Task prompt:
Using the listing below, set down each line from the line containing "例如新增按钮,权限配置如下图所示,权限字符要和代码中对应。其他都类似" through the line containing "Lovely for boys", both ends included, exactly and with nothing added.

Listed entries:
====================

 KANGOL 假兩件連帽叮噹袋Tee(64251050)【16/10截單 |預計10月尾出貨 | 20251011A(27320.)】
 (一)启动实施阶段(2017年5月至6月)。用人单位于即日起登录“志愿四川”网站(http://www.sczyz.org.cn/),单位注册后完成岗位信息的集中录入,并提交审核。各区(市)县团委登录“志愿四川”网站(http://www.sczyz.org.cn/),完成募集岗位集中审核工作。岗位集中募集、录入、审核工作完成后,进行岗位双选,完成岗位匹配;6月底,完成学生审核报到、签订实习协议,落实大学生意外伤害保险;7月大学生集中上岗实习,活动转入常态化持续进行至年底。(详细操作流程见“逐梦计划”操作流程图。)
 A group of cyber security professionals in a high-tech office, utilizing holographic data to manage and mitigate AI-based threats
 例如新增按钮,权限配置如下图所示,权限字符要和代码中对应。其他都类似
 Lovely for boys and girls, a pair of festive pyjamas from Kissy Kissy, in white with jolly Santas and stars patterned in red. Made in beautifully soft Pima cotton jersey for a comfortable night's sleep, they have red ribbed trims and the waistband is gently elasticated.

====================

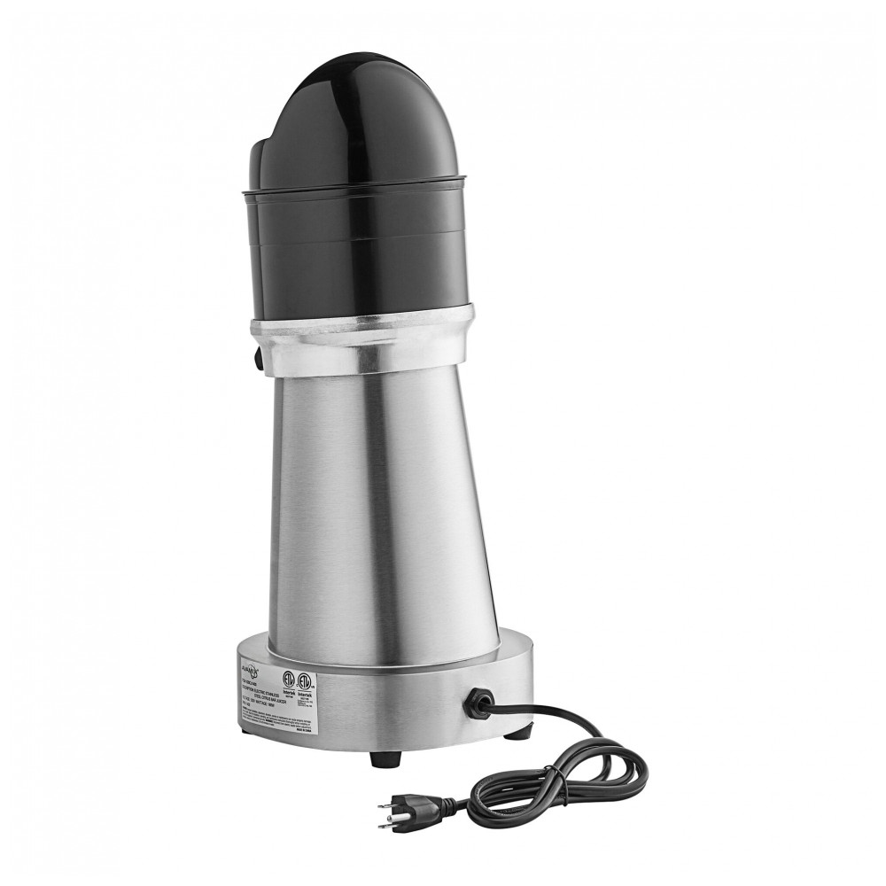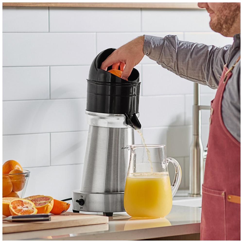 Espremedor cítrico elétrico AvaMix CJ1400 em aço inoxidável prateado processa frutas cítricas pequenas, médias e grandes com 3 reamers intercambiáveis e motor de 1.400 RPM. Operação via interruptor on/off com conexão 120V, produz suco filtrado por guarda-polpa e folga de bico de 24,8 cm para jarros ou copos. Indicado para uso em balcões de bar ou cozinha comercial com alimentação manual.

====================

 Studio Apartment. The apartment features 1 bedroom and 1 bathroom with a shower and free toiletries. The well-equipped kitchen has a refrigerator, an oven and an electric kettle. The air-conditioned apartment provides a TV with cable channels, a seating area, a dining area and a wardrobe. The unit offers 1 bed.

====================

Answer box:
 例如新增按钮,权限配置如下图所示,权限字符要和代码中对应。其他都类似
 Lovely for boys and girls, a pair of festive pyjamas from Kissy Kissy, in white with jolly Santas and stars patterned in red. Made in beautifully soft Pima cotton jersey for a comfortable night's sleep, they have red ribbed trims and the waistband is gently elasticated.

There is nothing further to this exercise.